И, кажется, никогда люди не были так безумно экзальтированы, как к концу исторического XIII века.
* Мастер Гуго очищал свой кишечник у алтаря и, в знак презрения к Богу, вытирал свой зад алтарным покровом. — лат.
** Убивайте всех, ибо Господь знает своих! — лат.
*** если он лжет, то он получит по заслугам, если он искренне желает обратиться, то огонь очистит его от грехов. — фр.
**** с крайней радостью. — фр.
***** с несказанной радостью. — фр.
Гистеро-эпилепсия была тогда столь же обычной, как в наши дни чахотка, почти каждый человек был немного прокаженным, а известно, что у прокаженных особенно сильна жажда полового удовлетворения. Суккубат и инкубат разрушали малокровное человечество, повсюду видны были женщины, которые вдруг бросались наземь, подымали юбки и извивались в половых судорогах. И эта половая истерия только еще более питалась положением альбигоцев, глубоко проникшим в народ: ‘nemo potest peccare ab umbilico et inferius’ *.
Священники пошли еще дальше. Они учили, что всякое деяние святого — свято, и что священник освящает всех женщин, с которыми грешит. Эти теории были настолько в ходу, что народ в Испании и Франции называл монахинь ‘consacrees’, то есть метрессами священников.

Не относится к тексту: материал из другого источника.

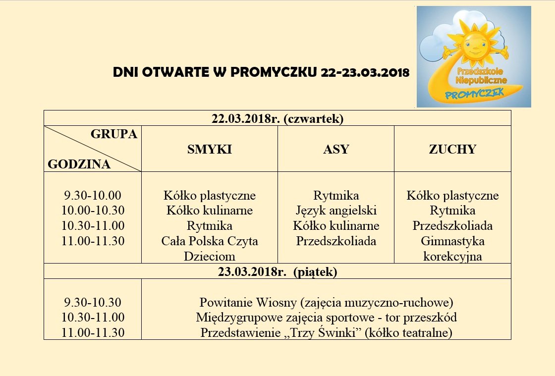 Serdecznie zapraszamy na Dni Otwarte naszego przedszkola! Odbędą się one w dniach 22-23 marca 2018 r. Szczegółowy harmonogram poniżej.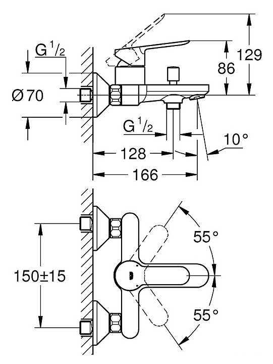 Смеситель для ванны и душа настенный Grohe BauEdge 23334000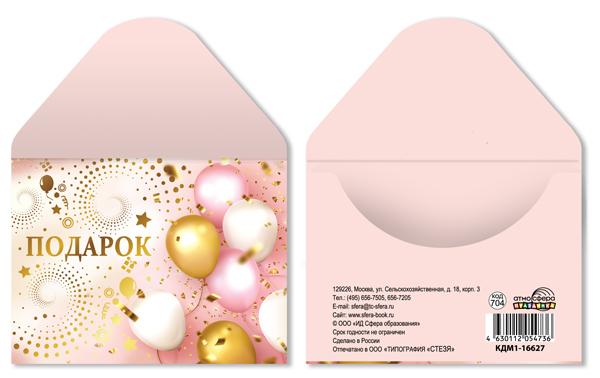 Конверт для подарочного сертификата 10*7см "Подарок"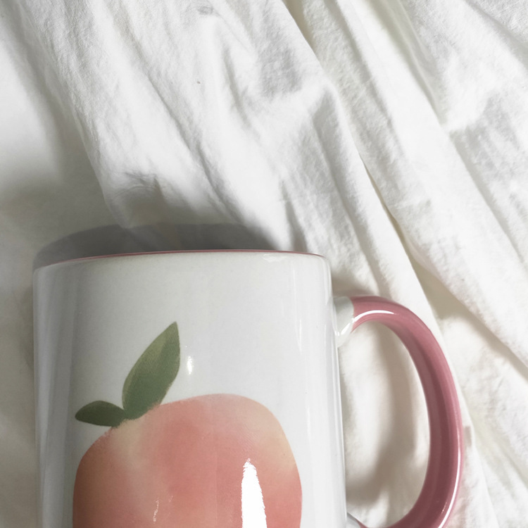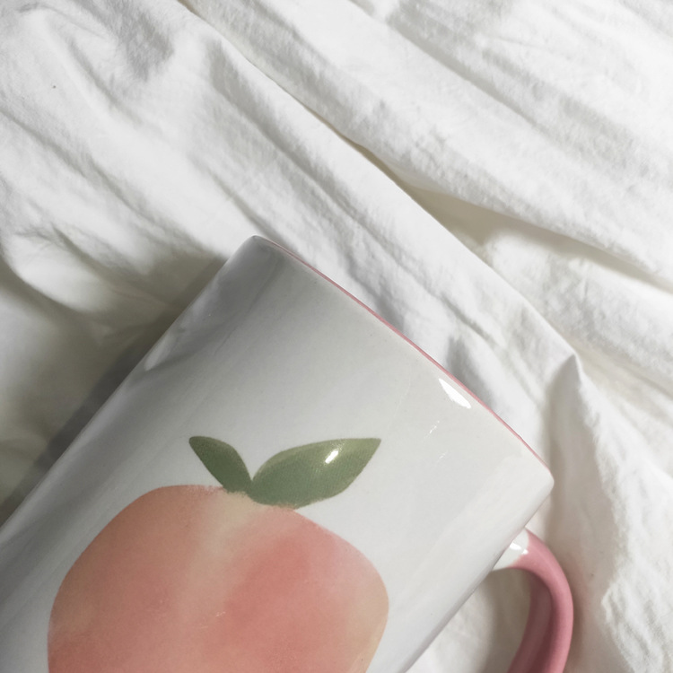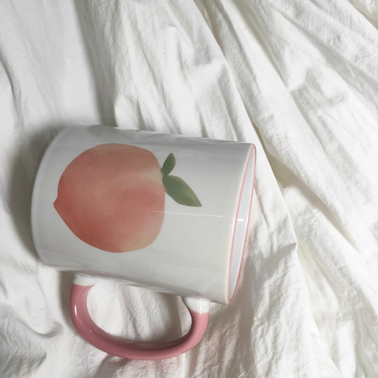 【水蜜桃陶瓷馬克杯】可愛少女心水蜜桃色釉清新陶瓷馬克杯茶杯 (陶瓷 301-400ml)
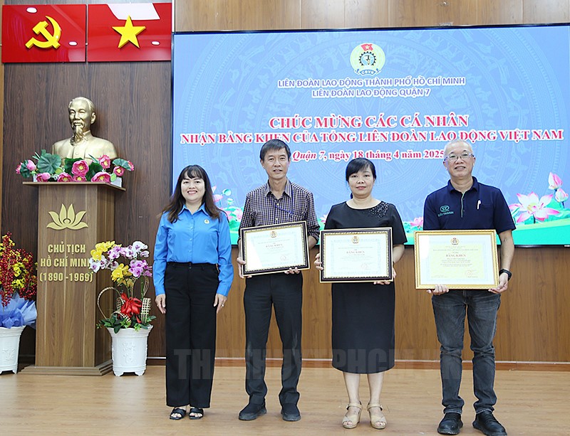 Dịp này, LĐLĐ Quận 7 tuyên dương 1 tập thể vinh dự nhận Cờ thi đua của Tổng LĐLĐ Việt Nam và 4 cá nhân nhận Bằng khen của Tổng LĐLĐ Việt Nam có thành tích xuất sắc trong phong trào thi đua lao động giỏi và xây dựng tổ chức Công đoàn vững mạnh năm 2024; tuyên dương 2 cá nhân vinh dự nhận Bằng khen của Ban chấp hành LĐLĐ TPHCM là nữ công nhân, viên chức tiêu biểu cấp Thành phố giai đoạn 2020-2025.

Под влиянием этих учений церковь шла навстречу своему полному распаду. Францисканец Эд Риго отмечает в своих дневниках доказательства страшной развращенности монастырей, а повествования св. Бертина переполнены такими ужасающими рассказами о монастырской жизни, что обычная в средние века содомия кажется в сравнении со всем этим невинной забавой.
Церковь была безгранично унижена, осмеяна, но последний удар нанес ей Филипп Красивый. Он разрушил до корня тот незначительный авторитет, какой еще оставался у церкви в глазах народа.
Посреди людей, издыхавших от голода, посреди монархий, разлагавшихся от недостатка денег, в эпоху, когда каждый король должен был сделаться фальшивомонетчиком, церковь одна обладала неизмеримыми богатствами. В Германии епископ был князь, могший содержать армию, в Англии церковь владела половиной всей земли, то же было и во Франции.
Конфисковать церковь, такова была всеобщая мечта. Эдуард I натравливал солдат против духовенства и запретил судьям принимать его жалобы, а Филипп Красивый властно требовал то десятую, то пятую часть неизмеримых доходов церкви. На троне св. Петра сидел в то время клятвопреступный адвокат, получивший очень грустную известность благодаря весьма сомнительной критике, дикий атеист, унижавший церковь грязным богохульством, le рerеtres fecund**, папа Бонифаций VIII. Церковь можно было ругать и осмеивать сколько угодно, это делал и сам папа, но что касается требований от него десятины, нет, этого он не мог допустить. Папа издает одну буллу за другой против Филиппа Красивого. Ответ на них папа получает от Ногаре, канцлера Филиппа, в этом ответе между другими красивыми словами говорится: ‘Sedet in cathedra beati Petri mendaciorum magister, faciens se, cum sit omnifario maleficus, Bonifacium nominari’***.
Папа неистовствует. Ногаре и Колонна едут в Рим, чтобы лично передать ему ответ. Над восьмидесятилетним стариком насмехаются, осыпают его оскорбительнейшими ругательствами и, когда он отваживается вскипеть, железная перчатка Ногаре дает пощечину наместнику Христа.
Это переполнило меру народного терпения. Народ освобождает папу, разум которого помутился. Папа дает народу отпущение от всех грехов, кроме святотатства, и умирает, одержимый дьяволом. ‘Ты взойдешь на престол, как лисица, будешь править, как лев, и умрешь, как собака’, — сказал о нем его предшественник папа Целестин.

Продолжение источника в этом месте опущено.